🤖 AI Summary
This study addresses the fundamental mismatch between the probabilistic interactions of large language model agents and the policy-driven architecture of data spaces, which impedes their seamless integration. To overcome this challenge, we propose Eunomia, a mediation layer architecture built upon the Model Context Protocol (MCP). Without requiring modifications to existing components, this approach translates data space capabilities into schema-driven, structured tools, thereby enabling controlled interaction and standardized interoperability between AI agents and data spaces. A prototype implementation validates the end-to-end workflow from catalog discovery to service invocation.
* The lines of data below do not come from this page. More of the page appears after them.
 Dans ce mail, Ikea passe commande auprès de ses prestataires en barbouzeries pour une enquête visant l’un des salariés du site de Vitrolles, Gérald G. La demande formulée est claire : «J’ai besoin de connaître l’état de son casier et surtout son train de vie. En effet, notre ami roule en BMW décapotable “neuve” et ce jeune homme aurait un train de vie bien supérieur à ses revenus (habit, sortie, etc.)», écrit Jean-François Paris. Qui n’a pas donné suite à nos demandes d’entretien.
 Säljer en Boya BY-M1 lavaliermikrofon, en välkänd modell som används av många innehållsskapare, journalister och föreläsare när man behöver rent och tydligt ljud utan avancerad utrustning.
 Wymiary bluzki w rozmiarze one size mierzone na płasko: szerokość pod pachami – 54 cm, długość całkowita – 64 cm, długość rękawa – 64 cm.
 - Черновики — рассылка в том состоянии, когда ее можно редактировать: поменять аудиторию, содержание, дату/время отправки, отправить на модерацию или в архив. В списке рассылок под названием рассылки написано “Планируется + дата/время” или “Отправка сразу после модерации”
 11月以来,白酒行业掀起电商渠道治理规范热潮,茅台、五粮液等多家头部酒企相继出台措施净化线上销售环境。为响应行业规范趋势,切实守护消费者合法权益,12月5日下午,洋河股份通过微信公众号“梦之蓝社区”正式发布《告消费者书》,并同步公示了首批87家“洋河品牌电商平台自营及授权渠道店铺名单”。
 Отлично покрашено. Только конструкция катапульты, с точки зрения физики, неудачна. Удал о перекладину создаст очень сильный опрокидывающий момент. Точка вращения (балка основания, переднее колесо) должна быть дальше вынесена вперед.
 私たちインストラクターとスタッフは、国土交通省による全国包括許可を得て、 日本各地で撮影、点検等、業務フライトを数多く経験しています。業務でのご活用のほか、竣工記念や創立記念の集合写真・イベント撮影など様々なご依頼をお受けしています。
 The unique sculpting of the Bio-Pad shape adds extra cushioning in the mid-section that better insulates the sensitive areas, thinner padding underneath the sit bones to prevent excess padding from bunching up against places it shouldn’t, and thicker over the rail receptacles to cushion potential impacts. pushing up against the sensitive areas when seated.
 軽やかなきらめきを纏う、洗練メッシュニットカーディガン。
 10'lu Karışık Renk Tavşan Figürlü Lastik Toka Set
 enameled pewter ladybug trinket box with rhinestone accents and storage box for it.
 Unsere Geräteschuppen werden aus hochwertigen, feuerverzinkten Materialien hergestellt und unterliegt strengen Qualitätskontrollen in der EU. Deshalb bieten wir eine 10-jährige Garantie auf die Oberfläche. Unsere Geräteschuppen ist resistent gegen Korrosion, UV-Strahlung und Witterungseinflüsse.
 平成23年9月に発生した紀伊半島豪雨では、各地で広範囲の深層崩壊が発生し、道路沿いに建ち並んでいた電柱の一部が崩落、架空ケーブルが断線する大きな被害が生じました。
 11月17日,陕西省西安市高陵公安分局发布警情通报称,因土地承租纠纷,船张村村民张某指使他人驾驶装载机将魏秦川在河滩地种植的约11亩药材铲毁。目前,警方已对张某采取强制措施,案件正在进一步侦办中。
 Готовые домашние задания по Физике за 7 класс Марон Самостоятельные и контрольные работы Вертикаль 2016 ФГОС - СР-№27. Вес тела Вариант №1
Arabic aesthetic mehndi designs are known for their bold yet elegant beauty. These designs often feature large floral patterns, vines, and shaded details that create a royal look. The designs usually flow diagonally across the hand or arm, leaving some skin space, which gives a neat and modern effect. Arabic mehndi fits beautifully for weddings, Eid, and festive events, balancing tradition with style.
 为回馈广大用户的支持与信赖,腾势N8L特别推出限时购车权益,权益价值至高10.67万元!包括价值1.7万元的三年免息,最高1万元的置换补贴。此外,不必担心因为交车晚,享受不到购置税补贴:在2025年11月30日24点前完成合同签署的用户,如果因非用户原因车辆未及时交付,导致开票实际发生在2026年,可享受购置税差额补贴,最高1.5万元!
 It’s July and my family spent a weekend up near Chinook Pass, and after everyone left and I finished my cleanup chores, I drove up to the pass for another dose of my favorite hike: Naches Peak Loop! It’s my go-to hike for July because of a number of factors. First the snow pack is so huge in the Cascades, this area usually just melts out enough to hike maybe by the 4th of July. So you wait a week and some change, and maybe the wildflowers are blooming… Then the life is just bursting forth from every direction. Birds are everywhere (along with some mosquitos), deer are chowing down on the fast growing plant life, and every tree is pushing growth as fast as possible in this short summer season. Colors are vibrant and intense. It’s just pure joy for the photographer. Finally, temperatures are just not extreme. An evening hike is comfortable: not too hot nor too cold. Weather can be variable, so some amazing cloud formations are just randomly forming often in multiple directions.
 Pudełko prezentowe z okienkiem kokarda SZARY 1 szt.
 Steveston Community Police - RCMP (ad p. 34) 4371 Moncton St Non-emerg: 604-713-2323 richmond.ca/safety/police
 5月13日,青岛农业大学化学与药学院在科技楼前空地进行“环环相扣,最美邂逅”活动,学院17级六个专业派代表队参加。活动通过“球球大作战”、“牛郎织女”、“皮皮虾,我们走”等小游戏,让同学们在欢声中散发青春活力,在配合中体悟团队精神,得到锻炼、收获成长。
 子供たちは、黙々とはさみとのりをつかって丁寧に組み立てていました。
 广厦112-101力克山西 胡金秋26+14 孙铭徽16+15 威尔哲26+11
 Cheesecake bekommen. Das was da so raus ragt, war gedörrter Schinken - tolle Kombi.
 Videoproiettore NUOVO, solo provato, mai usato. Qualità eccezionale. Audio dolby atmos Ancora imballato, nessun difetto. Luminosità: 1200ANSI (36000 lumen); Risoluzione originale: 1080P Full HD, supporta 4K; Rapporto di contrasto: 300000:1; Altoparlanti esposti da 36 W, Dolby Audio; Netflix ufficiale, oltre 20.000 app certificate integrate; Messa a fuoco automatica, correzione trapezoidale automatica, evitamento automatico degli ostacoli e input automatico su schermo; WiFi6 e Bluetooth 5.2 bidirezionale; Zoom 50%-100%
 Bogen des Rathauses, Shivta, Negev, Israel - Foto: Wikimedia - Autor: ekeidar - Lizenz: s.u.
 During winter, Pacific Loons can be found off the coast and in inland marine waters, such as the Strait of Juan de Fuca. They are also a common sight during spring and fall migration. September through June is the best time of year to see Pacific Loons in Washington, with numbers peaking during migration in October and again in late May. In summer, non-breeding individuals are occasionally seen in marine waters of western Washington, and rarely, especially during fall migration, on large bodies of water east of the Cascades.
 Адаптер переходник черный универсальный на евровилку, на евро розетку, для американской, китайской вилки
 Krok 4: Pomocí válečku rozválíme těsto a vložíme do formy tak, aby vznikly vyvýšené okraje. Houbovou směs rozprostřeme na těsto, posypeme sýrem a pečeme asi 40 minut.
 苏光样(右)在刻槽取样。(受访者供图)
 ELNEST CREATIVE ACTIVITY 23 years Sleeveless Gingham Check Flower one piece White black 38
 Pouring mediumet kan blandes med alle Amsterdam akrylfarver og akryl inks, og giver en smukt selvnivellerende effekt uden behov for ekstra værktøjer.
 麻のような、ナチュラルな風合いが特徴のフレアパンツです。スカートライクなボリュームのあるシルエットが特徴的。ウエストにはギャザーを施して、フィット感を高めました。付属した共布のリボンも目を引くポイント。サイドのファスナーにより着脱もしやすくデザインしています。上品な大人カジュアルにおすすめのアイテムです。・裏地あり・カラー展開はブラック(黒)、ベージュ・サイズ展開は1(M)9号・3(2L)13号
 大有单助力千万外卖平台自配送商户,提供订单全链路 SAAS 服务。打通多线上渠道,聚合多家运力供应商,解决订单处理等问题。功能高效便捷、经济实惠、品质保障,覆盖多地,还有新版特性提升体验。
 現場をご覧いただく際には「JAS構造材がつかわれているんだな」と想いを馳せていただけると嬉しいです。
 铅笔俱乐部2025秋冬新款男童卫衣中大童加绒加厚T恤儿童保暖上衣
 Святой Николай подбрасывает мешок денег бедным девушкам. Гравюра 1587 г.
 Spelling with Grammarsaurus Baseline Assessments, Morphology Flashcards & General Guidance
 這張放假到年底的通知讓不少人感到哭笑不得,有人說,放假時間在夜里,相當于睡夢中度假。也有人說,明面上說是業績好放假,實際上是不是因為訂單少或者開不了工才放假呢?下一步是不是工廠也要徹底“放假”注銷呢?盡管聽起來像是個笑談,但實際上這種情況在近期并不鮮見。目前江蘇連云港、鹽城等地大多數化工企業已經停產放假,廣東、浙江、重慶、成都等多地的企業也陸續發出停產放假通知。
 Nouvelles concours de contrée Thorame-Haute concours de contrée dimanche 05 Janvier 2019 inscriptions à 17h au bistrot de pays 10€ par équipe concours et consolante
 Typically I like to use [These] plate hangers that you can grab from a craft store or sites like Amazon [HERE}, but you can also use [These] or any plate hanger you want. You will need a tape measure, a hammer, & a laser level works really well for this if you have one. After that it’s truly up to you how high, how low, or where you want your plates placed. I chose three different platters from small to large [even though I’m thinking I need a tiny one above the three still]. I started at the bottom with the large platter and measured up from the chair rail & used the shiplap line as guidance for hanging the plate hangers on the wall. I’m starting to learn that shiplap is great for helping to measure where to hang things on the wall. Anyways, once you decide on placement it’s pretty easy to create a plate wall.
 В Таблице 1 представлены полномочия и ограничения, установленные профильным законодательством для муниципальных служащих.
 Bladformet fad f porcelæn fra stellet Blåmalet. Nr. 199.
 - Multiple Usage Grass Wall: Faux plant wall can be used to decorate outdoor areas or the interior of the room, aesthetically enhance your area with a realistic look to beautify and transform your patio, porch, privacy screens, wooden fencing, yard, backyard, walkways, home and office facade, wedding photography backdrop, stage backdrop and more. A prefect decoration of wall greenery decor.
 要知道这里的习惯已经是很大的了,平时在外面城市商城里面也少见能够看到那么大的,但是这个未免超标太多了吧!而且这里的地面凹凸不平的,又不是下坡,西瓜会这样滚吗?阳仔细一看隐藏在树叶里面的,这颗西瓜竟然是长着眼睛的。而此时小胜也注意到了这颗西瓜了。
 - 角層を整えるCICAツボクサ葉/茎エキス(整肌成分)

The results demonstrate that this architectural mediation effectively reconciles compliance, interoperability, and decoupling while strictly preserving governance constraints.
📝 Abstract
Data Spaces enable sovereign and governed data sharing across organizational boundaries, but their integration with AI agents remains challenging due to mismatches between probabilistic language model interactions and policy-driven data infrastructures. This article presents an architectural mediation approach based on the Model Context Protocol (MCP), implemented through the Eunomia Agent, to enable controlled interaction between large language model (LLM) agents and data space services. The proposed mediation layer translates data space capabilities into structured, schema-driven tools that AI agents can discover and invoke while preserving governance constraints. A prototype implementation validates end-to-end interaction across catalog discovery, metadata retrieval, and data service invocation without modifying existing data space components. Results demonstrate that protocol-based mediation enables interoperable and standards-aligned integration of AI agents into data space ecosystems. The approach provides practical guidance for organizations seeking to introduce AI-driven automation into governed data-sharing environments while maintaining compliance, interoperability, and architectural separation of concerns.